Entries supplied.

%%

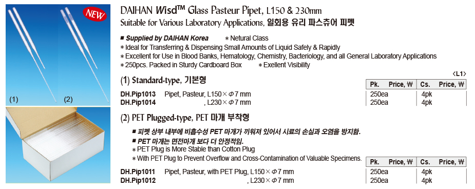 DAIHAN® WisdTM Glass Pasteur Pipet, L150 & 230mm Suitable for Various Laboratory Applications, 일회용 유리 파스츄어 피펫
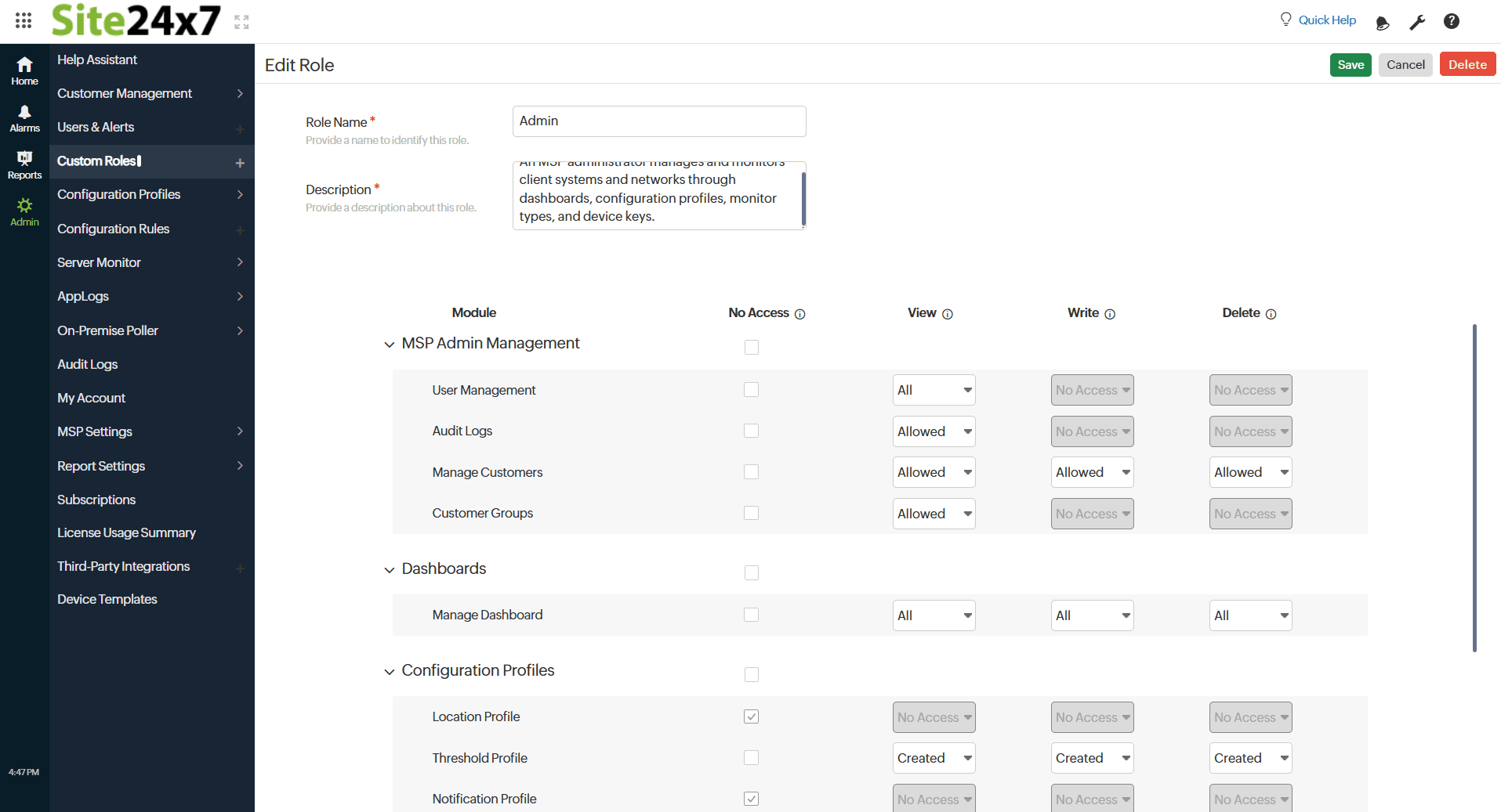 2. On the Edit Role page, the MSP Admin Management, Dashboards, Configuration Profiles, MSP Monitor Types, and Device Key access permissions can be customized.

%%
%%

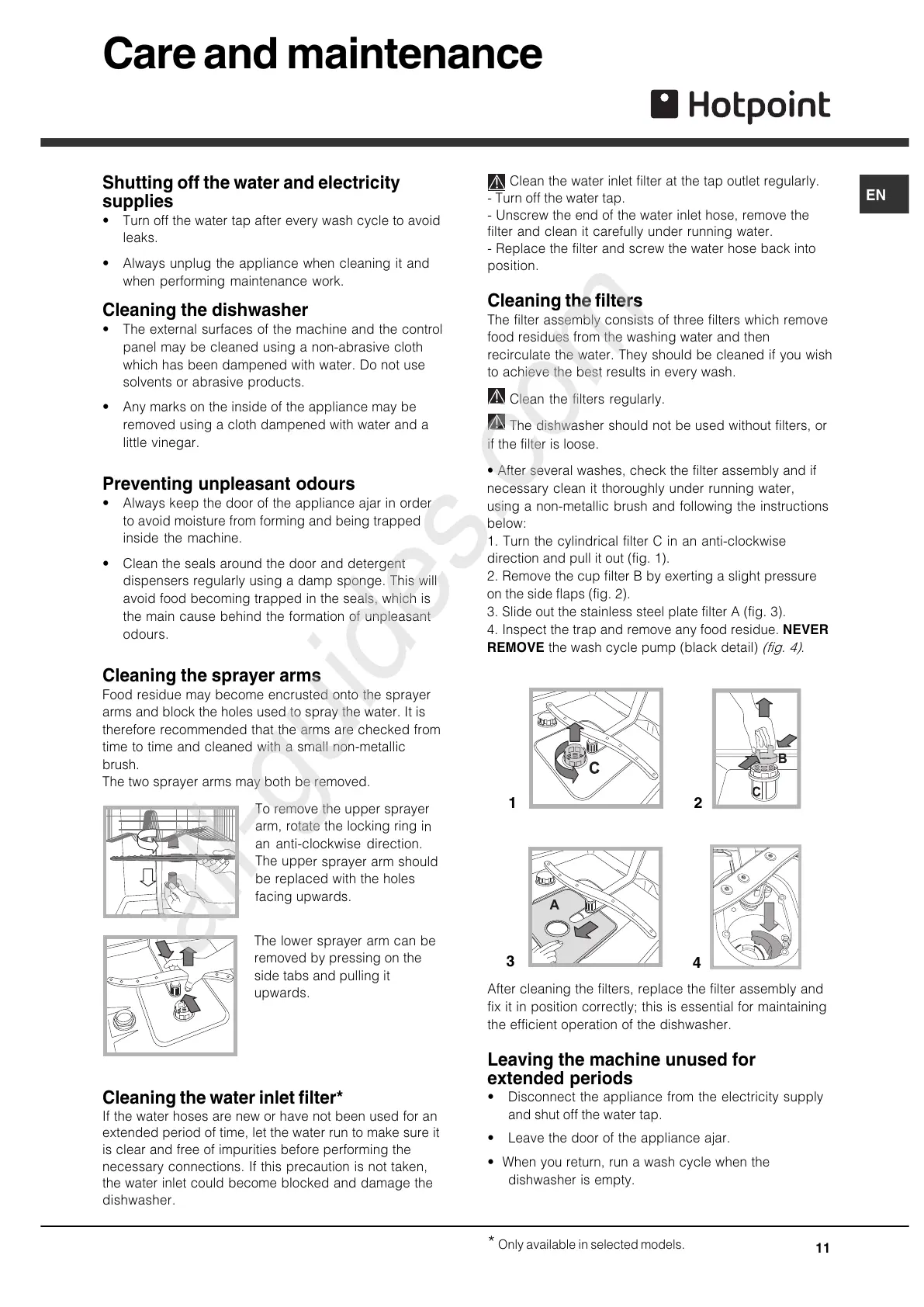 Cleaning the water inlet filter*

%%
%%

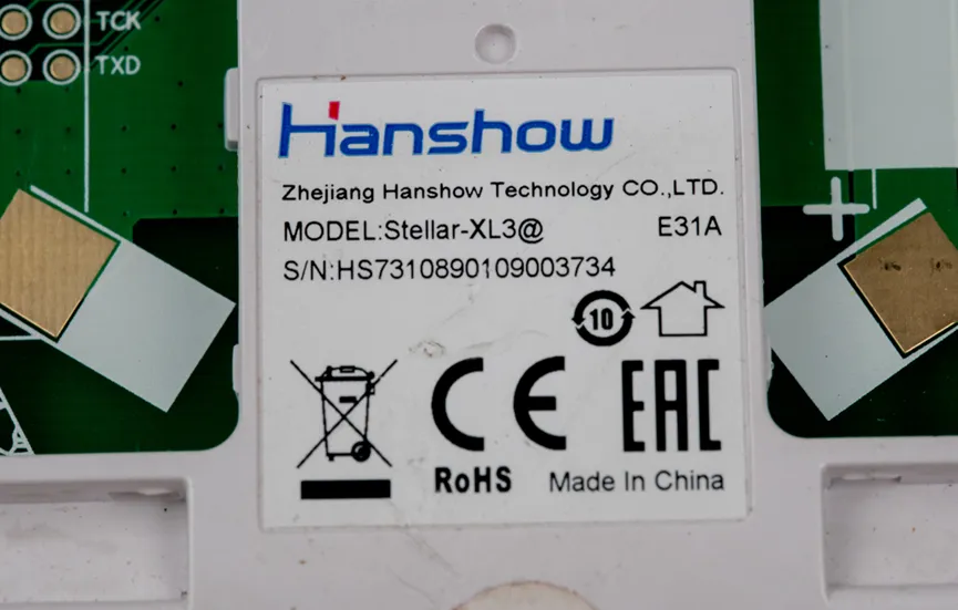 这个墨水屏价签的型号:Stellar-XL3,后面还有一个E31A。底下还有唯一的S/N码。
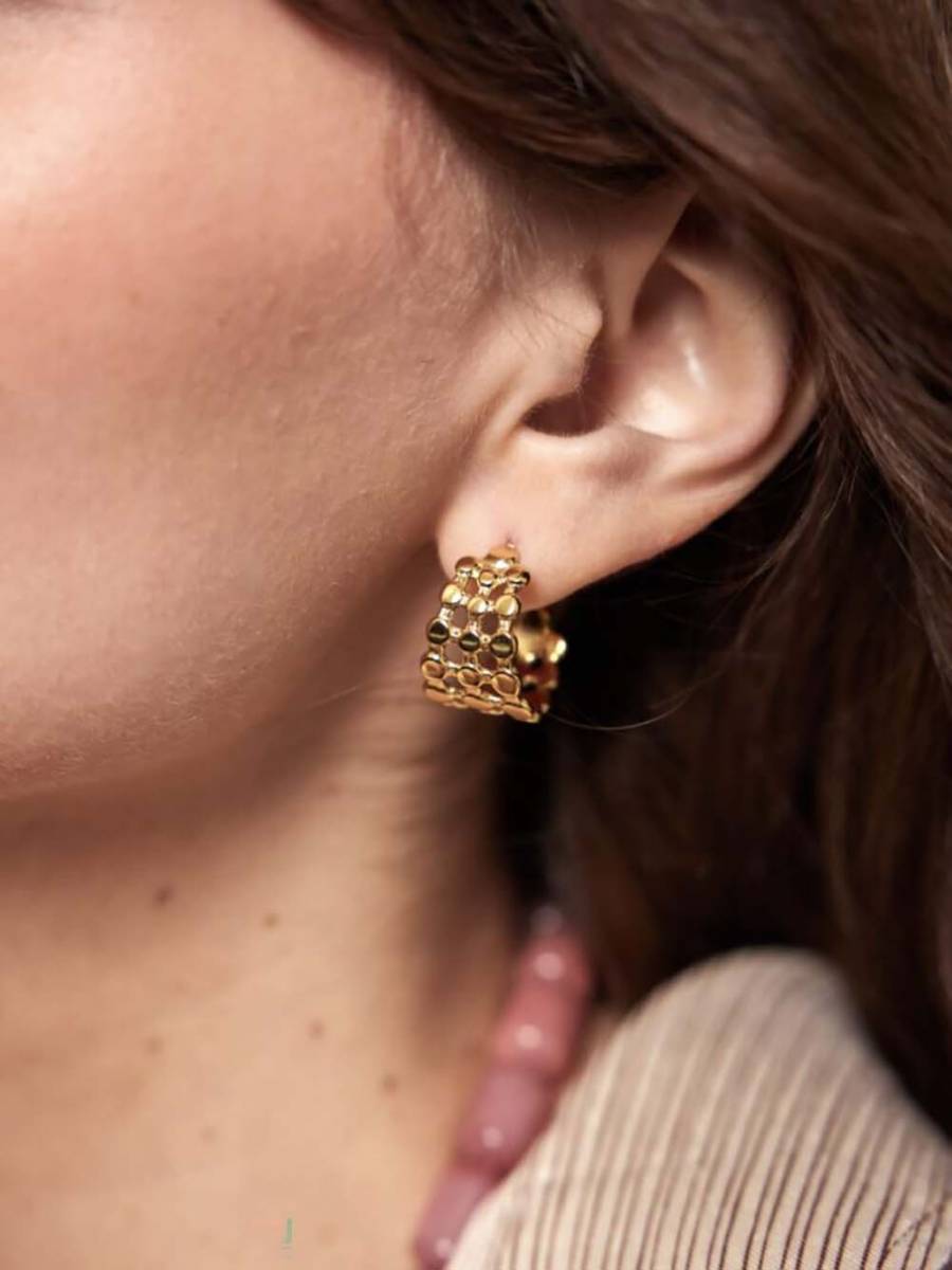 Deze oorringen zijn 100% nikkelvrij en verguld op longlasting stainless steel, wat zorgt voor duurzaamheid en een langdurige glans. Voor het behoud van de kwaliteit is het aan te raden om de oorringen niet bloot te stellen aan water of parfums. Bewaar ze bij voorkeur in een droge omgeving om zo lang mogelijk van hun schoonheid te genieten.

%%

Task description. Using the entries above, extract exactly the lines from the one that contains "DAIHAN® WisdTM Glass" through the one that contains "2. On the Edit". Do not carry over any pictures.

Your solution.
 DAIHAN® WisdTM Glass Pasteur Pipet, L150 & 230mm Suitable for Various Laboratory Applications, 일회용 유리 파스츄어 피펫
 2. On the Edit Role page, the MSP Admin Management, Dashboards, Configuration Profiles, MSP Monitor Types, and Device Key access permissions can be customized.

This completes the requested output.